Thursday, December 2, 2010

The power of story

About 2 years ago now, I sensed that I needed to get away from the craziness of life for a week and go to this little place of prayer called The Hermitage in Three Rivers, Michigan.  It's a place where they practice the discipline of silence and you have time and space to just meet with God.

I'd been somewhat avoiding having such extended time with my own thoughts.  My brother had been diagnosed with cancer that year, and I'd spent a lot of the year just trying to survive.  I can't even explain now what the realization of his mortality did to me emotionally.  He's the only person who experienced life with me in that way - we grew up in the states, and then left with our family to move overseas when I was 13 and he was 11.  The thought of not having someone in the world who understands that life experience was horrifying to me.  But I think I only cried about it once, and then I proceeded to take care of everyone - him, my sister-in-law, myself.  My parents were still gone, you see, living overseas.  So taking care of everything fell on me.

I'd spent a lot of years before that surviving too.  The moving back and forth overseas and losing all important relationships made it hard for me to be able to open up and risk needing other people around.  Inevitably, they would leave or I would leave.  It doesn't help that I have a passion for and an interest in the world, so virtually all of my friends are forever jet-setting around, spending a year in this country or that one.  I had finally come to a place of healthy interdependence within a community, and then once again I was headed toward survival.  And for me, that means shutting everything off - all emotions, all relationships - and just walking through life.  I was well on my way toward doing that again.  And what I've noticed about life is that if you hold on to a pattern like that long enough, it becomes very difficult to undo.

So away I went, to the Hermitage.  I took a stack of books from the library - spiritual books, devotionals.  I took my guitar, my journal, my Bible.  And I went and I stayed in a tiny cabin in the woods.  And I had space and time to listen.  When I got to the cabin, I found some books sitting in the desk.  One of them was CS Lewis's "Till we have faces."  When I got tired of reading "serious" books, I picked that one up.  And I was engrossed.  Here was a story about a person whose whole world had fallen apart.  I read and I read, and then I got to the part where she is led to the room to read her charges against the god in the story.

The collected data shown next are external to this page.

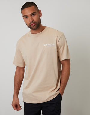 Dark Stone Relaxed Fit Surf Club Graphic Print T-Shirt
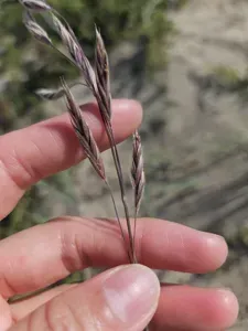 Bromus pumpellianus is a perennial, rhizomatous grass native to northern North America, characterized by hairy leaves and stem nodes.
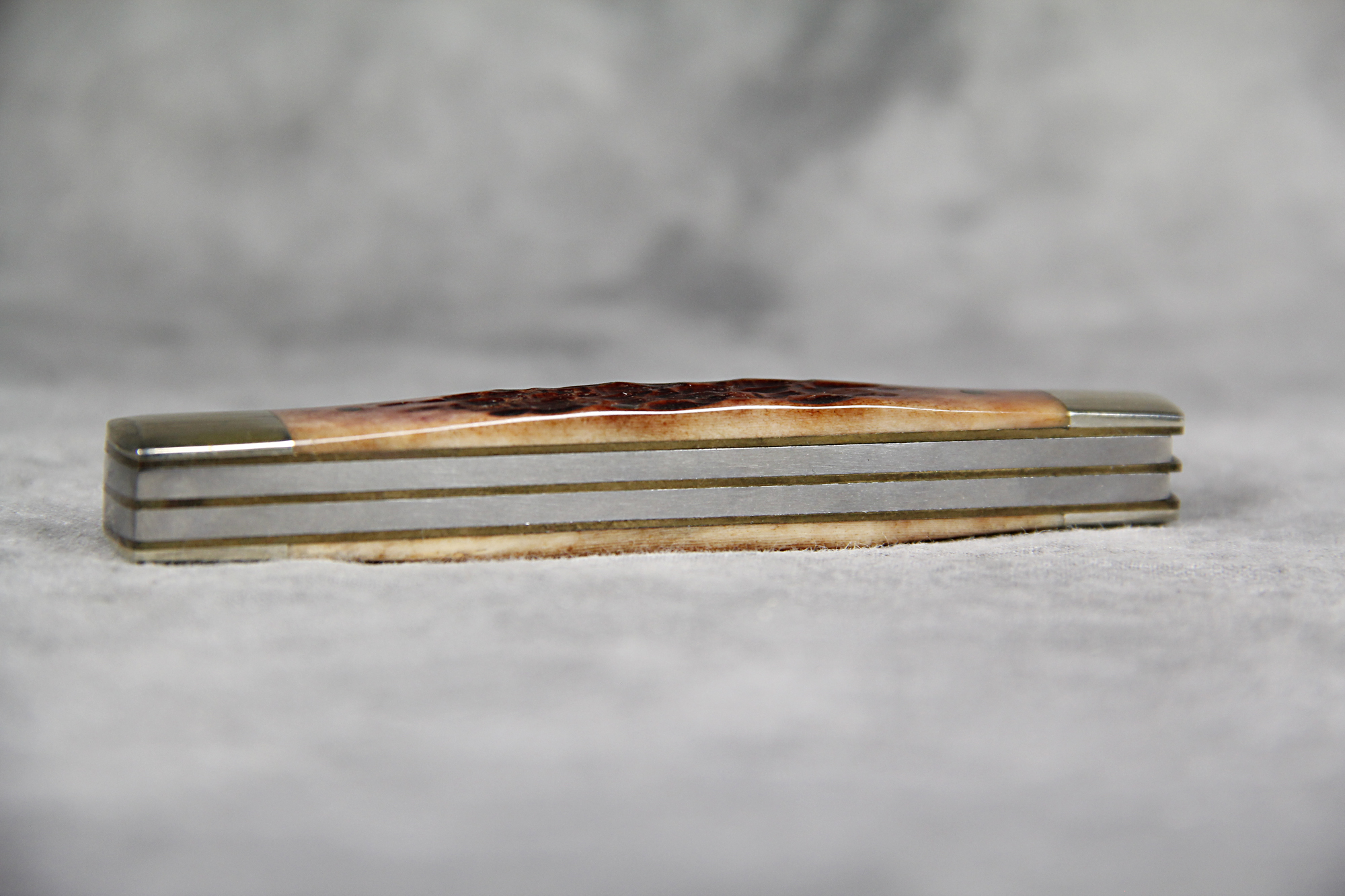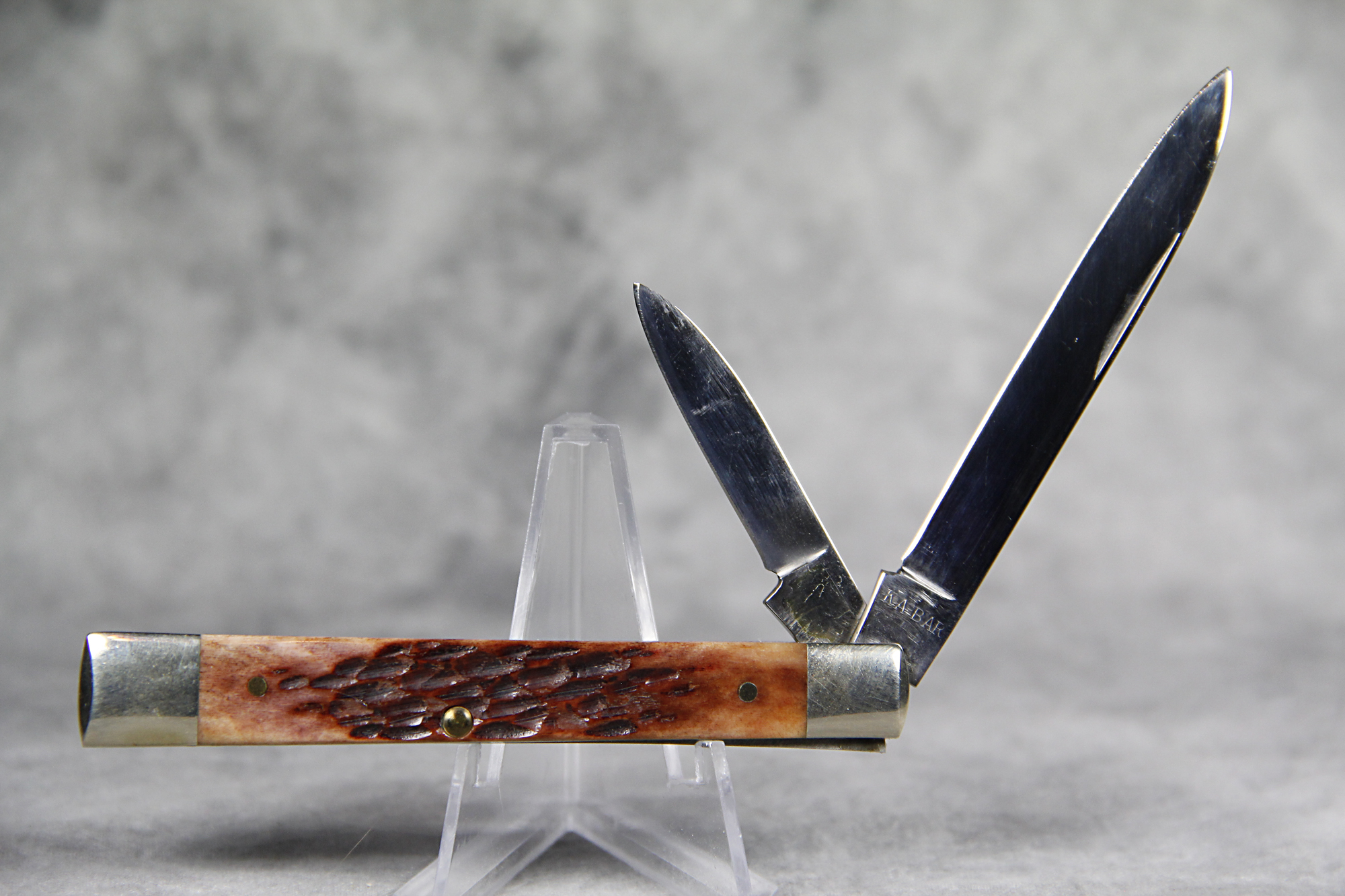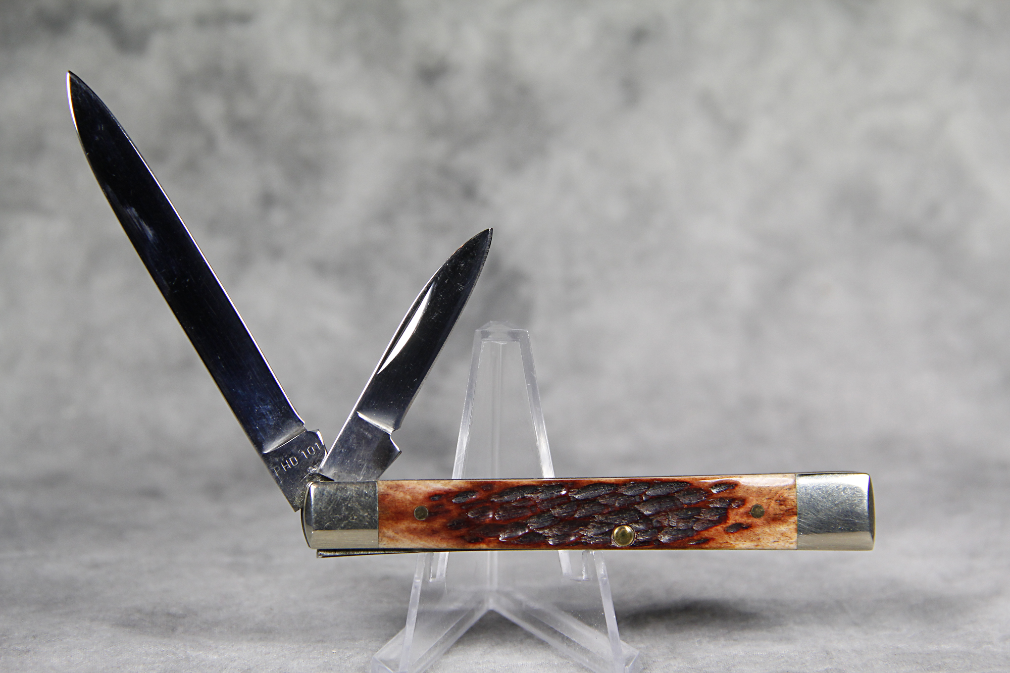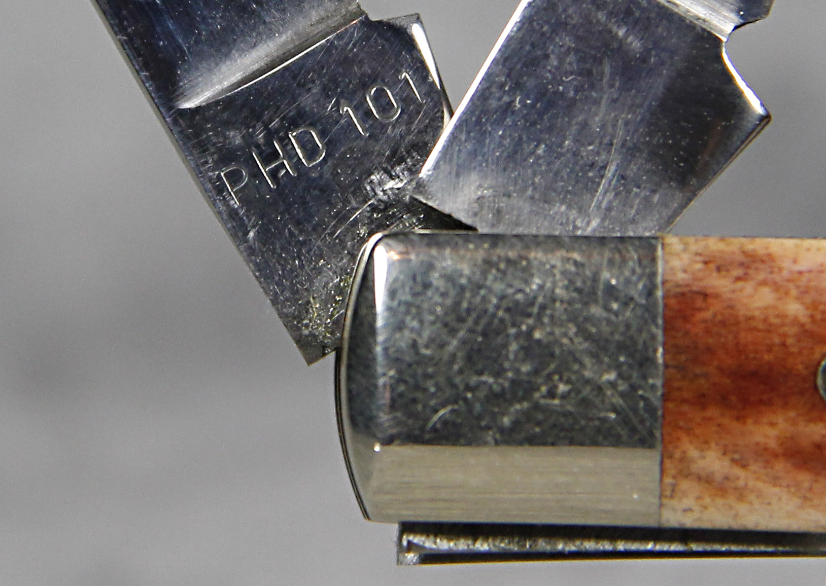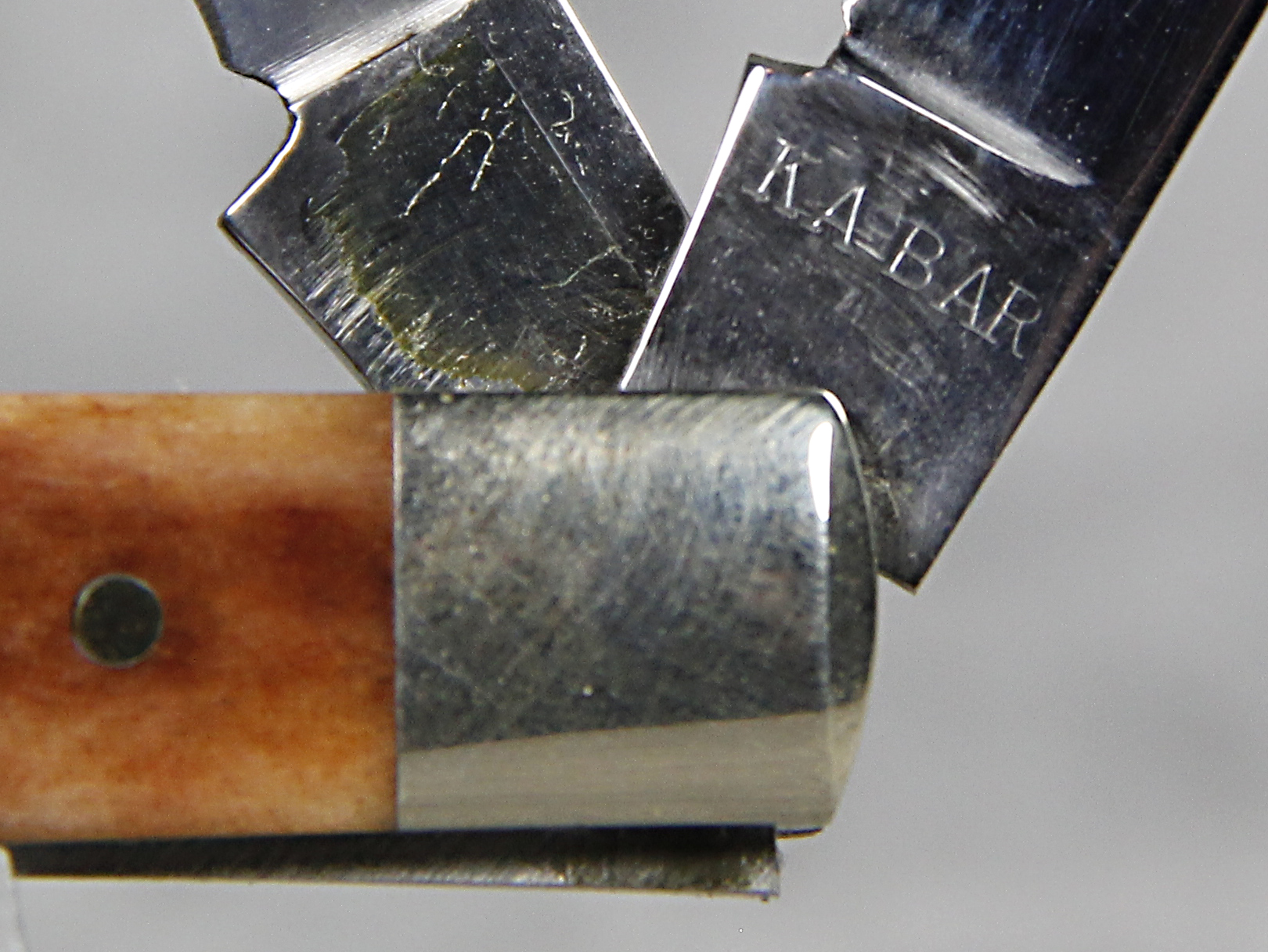 November 03, 2025 - 3-5/8 inches closed. 6-3/4 inches open. Made in USA. "KA-BAR" and "PHD 101" tang stamps. Jigged Bone handle. Nickel Silver bolsters. Brass liner.

And I stopped.  And I cried.  And I finally made the choice to be real about my own "charges" against God - about my questions about whether he is good and whether he will provide for us.  My refusal to admit those questions, even to myself, had created a barrier between myself and God, and probably myself and other people.  Once I said those words out loud, I was able to hear the truth from Scripture about who God actually is.

And that's the power of story.  I don't know if there's anything else that would have unlocked my barriers to relationship with God, because I'm not sure that I even knew they were there.  Reading the story and feeling the character's pain and walking with her through her own experience allowed me to draw parallels with my own life and allowed God to bring me to a place of willingness to be real with where I was at.

So part of the reason I believe so strongly that story is a way to engage with people's barriers to faith and trust is because that's what worked in my own life.  That's what spoke to my own barriers and allowed me to move forward and take a risk to speak and to trust.  I don't think it would have been half as powerful for someone to just look at me and say "Anna, you're obviously not trusting God right now."  And how many people were there who I would have trusted to speak into my life anyway?  I was basically emotionally removed from everyone and everything.

Story is nonthreatening.  Story is compelling.  Story gives people a chance to absorb truth in a way that it never will be absorbed when it's communicated through declarative statements.

For example, which was more compelling to you?  The last paragraph of this post?  Or the story I just told about myself?